March's federal budget forecast the jobless rate falling to 3.75 per cent in coming months, the lowest in almost 50 years.
Industries such as manufacturing are being constrained by skill shortages, although the sector has still shown growth.
The Australian Industry Group performance of manufacturing index rose by a further 2.8 points in April to 58.5, its fastest pace since July 2015.
It was the third consecutive month above the key 50-point mark, which separates growth from contraction.
Ai Group chief executive Innes Willox said manufacturing is still constrained by difficulties finding workers, particularly in skilled occupations, as well as input price pressures and rising wages costs.
"New orders increased further in April and, with many businesses feeling capacity constraints and difficulties in securing inputs and staff, the pressures on filling orders are set to continue in coming months," Mr Willox said.
The report comes ahead of an expected increase in the official cash rate by the Reserve Bank of Australia, the first rise in more than a decade, and follows last week's exceptionally strong inflation figures.

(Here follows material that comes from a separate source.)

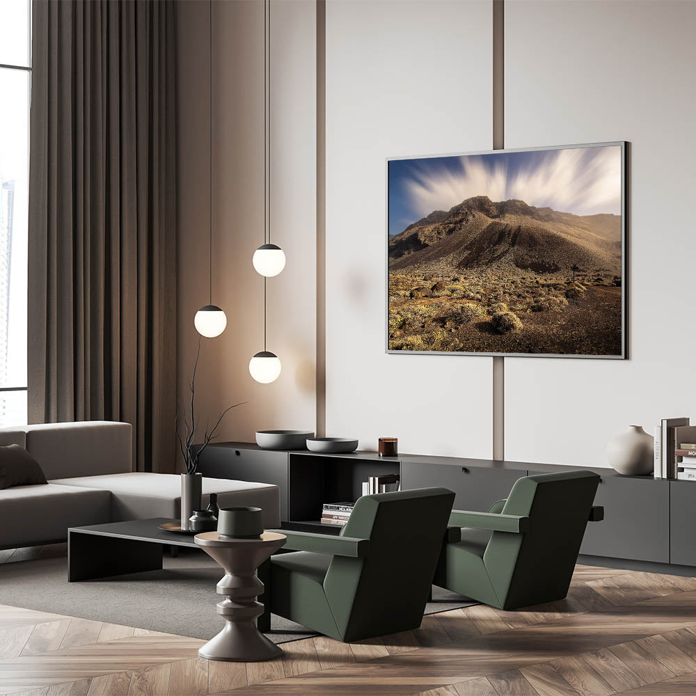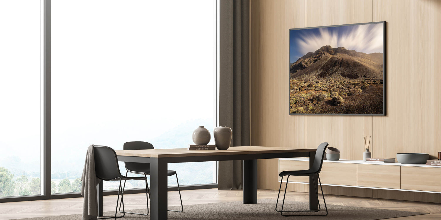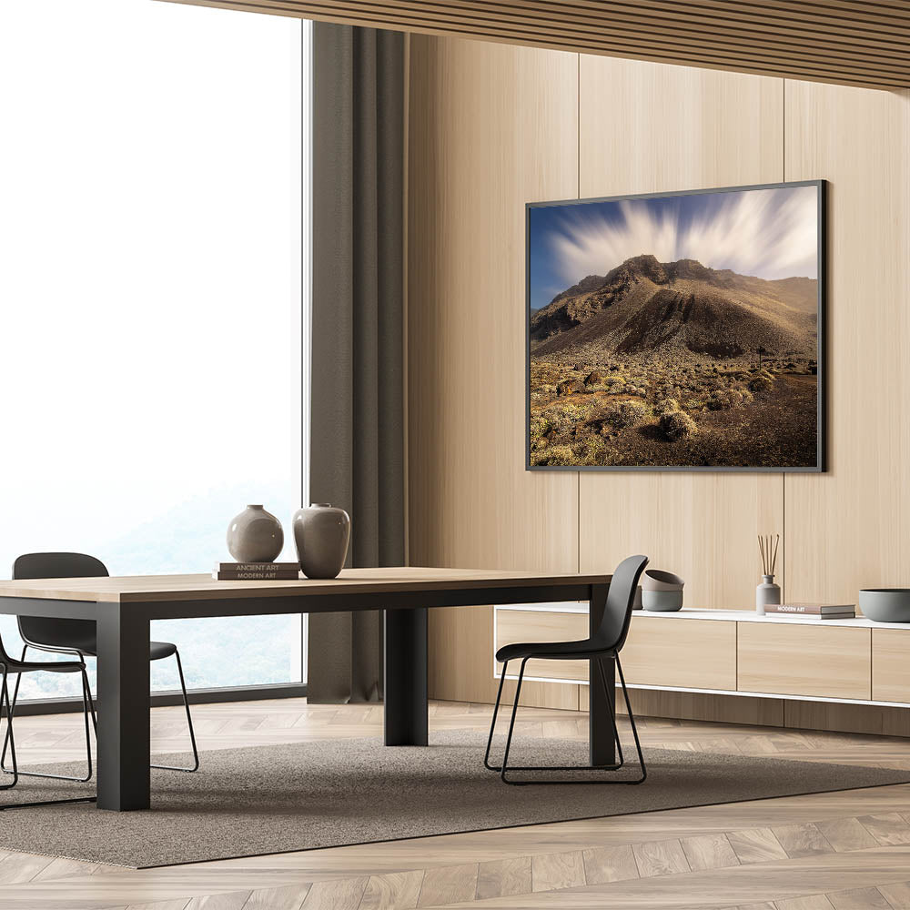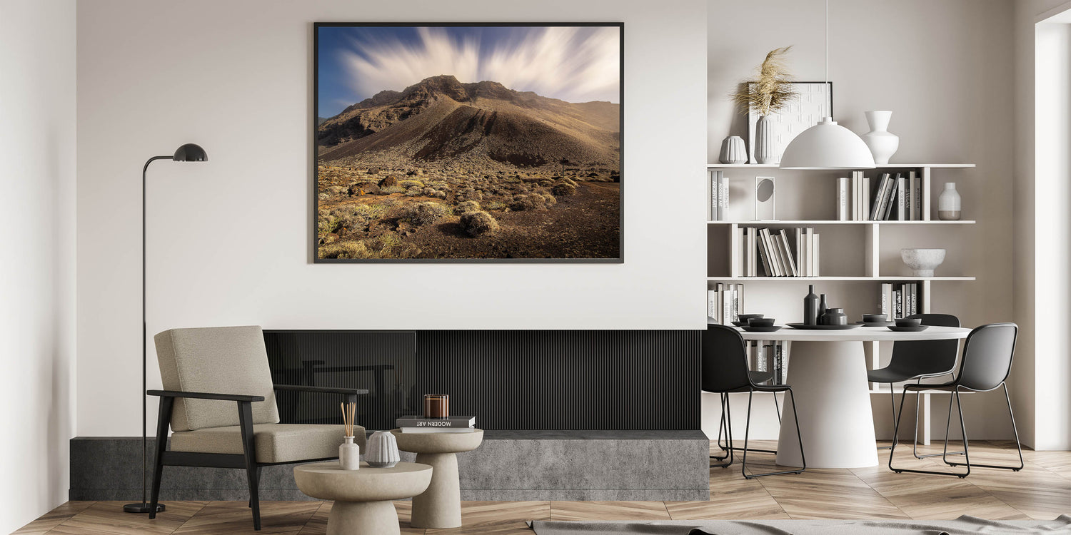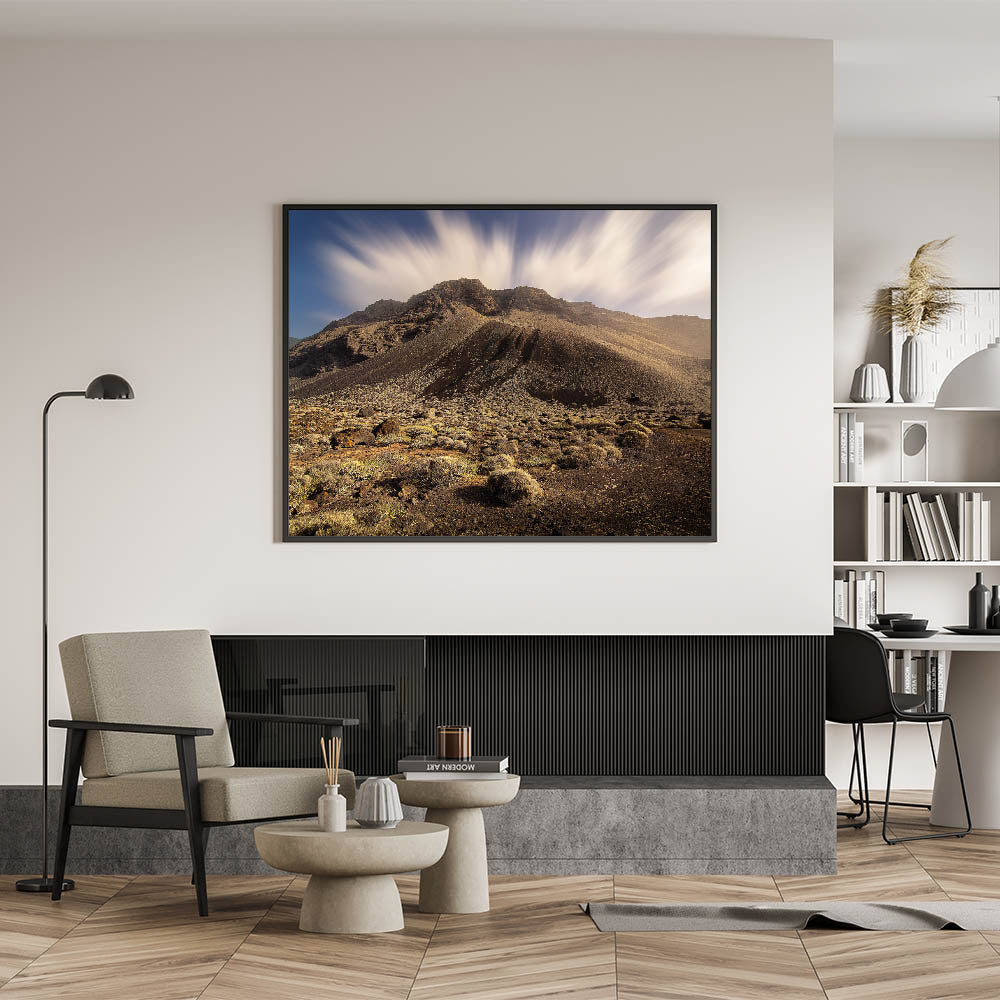 This beautiful piece of artwork is perfect for anyone looking to incorporate the rugged beauty of the Canary Islands' mountains into their interior decor. Choose from framed prints or canvas options to match your personal style.

Financial markets are fully priced for a 0.15 per cent rise in the cash rate to 0.25 per cent when the RBA board meets on Tuesday, after annual inflation surged to 5.1 per cent.
The more interest rate-sensitive underlying inflation rate jumped to 3.7 per cent, well above the RBA's two to three per cent target.
The anticipated modest increase in the cash rate from a record low 0.1 per cent is expected to be followed by increases of 0.25 per cent in subsequent months.
"Having a near-zero cash rate when unemployment is four per cent and inflation is over five per cent makes no sense," AMP chief economist Shane Oliver said.
"The experience from the late 1960s and 1970s tells us the longer high inflation persists the more inflation expectations will rise, making it even harder to get inflation back down again without engineering a recession."